Cell encapsulation and activation
GelMA-mTz at 1% w/v was reacted with GFP-TCO at 50–100 µg/mL for one hour at 37 °C. Following, 18% w/v GelMA solution and freshly prepared 25 mg/mL Lithium phenyl-2,4,6-trimethylbenzoylphosphinate (LAP, Sigma 900889) was added to a final concentration of 5–10% w/v GelMA, 0-100 µg/mL GFP-TCO, and 0.25% LAP. Engineered L929 or C3H cell lines were resuspended in this solution at 5–10 × 106 cells/mL. An array of 20 µL droplets of cell-laden hydrogel solutions were pipetted between two 25 × 75 mm glass slides that were thrice treated with GelSlick (Lonza) separated by 3-D-printed 400 μm insert. Gels were crosslinked for 90–180 s at 25 mW/cm2 using an Omnicure2000 and collimating adapter (Excelitas) and transferred to individual wells with DMEM complete. Following 30 min incubation at 37 °C, media was exchanged to fresh DMEM complete. Cell-laden hydrogels were cultured for up to 14 days with media changes every 2 days. In the hydrogel patterning experiment, cell-laden hydrogel solutions containing 0 or 50 μg/mL GFP were pipetted in proximity to each other to initiate limited contact immediately prior to crosslinking. This process led to a stable biphasic gel that was treated similarly as described above. Samples were imaged live with Zeiss Axio Observer Z1 or Zeiss LSM880 confocal microscope. Individual cell mCherry intensity was quantified on ImageJ using constitutive BFP-signal to segment individual cells. Gaussian blur, thresholding, watershed, and analyze particle functions were applied to the BFP channel to create individual selections for each cell. This mask was applied to the corresponding mCherry image to measure the average fluorescence intensity within each cell. Percent activation was determined by the number of BFP+ cells that had a mCherry intensity higher than a defined threshold. For spatial activation within 3-D, line plots were quantified using the “Plot Profile” feature on inverted microscope images in ImageJ and normalized across the entire time course. Evaluation of cell viability was performed using a Live/Dead Viability/Cytotoxicity Kit (Thermo Fisher, L3224) following the manufacturer’s instructions. Briefly, cell-laden gels were incubated in a 2 µM calcein AM and 4 µM EthD-1 solution in PBS for 45 min prior to imaging on a Zeiss LSM880.

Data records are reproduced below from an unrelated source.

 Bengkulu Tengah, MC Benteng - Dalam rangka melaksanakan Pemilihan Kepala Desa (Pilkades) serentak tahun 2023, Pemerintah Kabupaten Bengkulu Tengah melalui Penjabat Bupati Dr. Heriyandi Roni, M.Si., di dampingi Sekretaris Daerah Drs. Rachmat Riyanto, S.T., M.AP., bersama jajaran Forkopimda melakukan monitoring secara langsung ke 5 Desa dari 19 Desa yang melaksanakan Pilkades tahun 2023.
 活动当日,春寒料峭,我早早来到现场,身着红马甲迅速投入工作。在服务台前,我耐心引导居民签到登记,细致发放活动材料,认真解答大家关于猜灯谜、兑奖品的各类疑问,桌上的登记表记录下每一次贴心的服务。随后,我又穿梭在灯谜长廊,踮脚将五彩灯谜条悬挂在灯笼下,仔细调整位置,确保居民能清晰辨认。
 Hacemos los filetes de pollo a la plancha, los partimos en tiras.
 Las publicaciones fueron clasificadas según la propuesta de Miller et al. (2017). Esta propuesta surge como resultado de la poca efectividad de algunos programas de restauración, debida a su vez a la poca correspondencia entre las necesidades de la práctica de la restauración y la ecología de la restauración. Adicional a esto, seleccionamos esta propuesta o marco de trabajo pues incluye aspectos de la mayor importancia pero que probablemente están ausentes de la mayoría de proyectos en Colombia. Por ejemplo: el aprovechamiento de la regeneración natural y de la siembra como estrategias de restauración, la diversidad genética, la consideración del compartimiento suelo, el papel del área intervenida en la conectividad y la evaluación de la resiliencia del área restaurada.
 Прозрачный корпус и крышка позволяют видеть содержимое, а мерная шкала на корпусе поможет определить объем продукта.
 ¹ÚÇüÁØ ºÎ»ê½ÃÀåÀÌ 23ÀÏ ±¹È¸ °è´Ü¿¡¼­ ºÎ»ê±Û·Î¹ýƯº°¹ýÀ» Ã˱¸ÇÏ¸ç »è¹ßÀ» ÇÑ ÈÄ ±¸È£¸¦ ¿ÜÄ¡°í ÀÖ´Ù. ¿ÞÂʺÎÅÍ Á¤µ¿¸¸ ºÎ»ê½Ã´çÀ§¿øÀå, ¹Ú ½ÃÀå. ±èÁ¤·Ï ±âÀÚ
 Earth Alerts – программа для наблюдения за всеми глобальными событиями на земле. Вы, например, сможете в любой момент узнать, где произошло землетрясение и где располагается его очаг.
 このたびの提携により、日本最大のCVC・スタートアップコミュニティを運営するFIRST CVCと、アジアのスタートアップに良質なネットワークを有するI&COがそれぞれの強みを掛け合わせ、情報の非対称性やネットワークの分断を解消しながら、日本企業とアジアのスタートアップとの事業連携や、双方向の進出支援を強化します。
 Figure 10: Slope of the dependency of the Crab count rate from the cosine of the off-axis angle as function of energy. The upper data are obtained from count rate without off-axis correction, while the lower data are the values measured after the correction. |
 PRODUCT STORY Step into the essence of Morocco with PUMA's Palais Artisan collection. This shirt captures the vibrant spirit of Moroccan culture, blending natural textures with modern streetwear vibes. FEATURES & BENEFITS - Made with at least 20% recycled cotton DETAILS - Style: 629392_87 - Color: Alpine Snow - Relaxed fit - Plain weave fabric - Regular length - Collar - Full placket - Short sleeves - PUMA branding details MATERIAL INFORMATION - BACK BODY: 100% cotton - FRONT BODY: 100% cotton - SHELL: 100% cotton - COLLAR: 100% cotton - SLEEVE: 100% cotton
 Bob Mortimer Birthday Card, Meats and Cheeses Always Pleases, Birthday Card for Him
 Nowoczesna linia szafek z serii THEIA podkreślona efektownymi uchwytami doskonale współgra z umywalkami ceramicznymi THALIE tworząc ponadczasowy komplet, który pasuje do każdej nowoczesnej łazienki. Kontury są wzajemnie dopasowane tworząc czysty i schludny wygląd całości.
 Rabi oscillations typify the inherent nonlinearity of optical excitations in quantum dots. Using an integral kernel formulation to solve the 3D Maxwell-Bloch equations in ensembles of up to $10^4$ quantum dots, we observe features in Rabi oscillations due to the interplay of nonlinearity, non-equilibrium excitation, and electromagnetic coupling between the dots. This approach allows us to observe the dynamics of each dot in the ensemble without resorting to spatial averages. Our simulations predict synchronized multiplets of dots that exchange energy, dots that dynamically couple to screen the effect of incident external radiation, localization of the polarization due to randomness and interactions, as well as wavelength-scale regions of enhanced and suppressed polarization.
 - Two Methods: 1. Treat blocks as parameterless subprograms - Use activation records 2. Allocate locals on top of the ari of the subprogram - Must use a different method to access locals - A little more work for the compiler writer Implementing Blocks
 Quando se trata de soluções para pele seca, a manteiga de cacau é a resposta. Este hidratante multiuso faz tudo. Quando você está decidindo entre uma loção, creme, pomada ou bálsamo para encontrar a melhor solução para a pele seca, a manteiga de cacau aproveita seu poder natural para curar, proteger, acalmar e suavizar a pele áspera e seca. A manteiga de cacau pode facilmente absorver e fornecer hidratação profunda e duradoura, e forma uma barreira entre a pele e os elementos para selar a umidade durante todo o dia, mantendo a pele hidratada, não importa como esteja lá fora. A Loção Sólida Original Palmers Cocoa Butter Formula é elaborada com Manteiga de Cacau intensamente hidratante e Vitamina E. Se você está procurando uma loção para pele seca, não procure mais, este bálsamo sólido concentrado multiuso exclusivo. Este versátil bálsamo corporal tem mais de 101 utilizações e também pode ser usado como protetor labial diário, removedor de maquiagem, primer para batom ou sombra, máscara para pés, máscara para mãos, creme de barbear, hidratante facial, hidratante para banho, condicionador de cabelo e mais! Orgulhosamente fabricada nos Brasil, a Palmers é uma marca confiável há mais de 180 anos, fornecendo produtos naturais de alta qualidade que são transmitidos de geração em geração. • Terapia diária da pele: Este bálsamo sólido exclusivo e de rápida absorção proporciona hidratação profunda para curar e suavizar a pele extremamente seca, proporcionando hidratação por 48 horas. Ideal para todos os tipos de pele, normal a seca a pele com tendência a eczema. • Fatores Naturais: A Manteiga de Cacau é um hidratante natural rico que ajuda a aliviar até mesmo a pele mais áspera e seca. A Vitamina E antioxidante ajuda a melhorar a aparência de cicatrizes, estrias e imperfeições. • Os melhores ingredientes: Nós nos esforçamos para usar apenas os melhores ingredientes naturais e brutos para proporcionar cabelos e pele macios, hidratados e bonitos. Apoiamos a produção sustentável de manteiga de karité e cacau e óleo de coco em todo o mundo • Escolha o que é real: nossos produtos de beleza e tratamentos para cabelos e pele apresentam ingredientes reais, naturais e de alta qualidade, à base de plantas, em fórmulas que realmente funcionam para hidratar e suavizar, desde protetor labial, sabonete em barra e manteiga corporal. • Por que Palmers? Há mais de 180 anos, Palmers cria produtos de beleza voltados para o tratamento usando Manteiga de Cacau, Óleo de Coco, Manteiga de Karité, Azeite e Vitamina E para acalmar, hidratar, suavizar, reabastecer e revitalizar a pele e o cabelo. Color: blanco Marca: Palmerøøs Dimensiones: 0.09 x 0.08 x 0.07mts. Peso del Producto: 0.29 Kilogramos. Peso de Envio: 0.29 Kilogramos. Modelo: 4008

In the co-culture encapsulation experiment, GFP-sender fibroblasts and anti-GFP synNotch receiver cells were co-encapsulated within 5% GelMA hydrogels at a fixed total cell concentration of 20 × 106/mL. The ratio of each cell type was varied. Hydrogels were imaged on an LSM880 and the percent mCherry expression was evaluated using image analysis, where the BFP signal was used to segment individual receiver cells.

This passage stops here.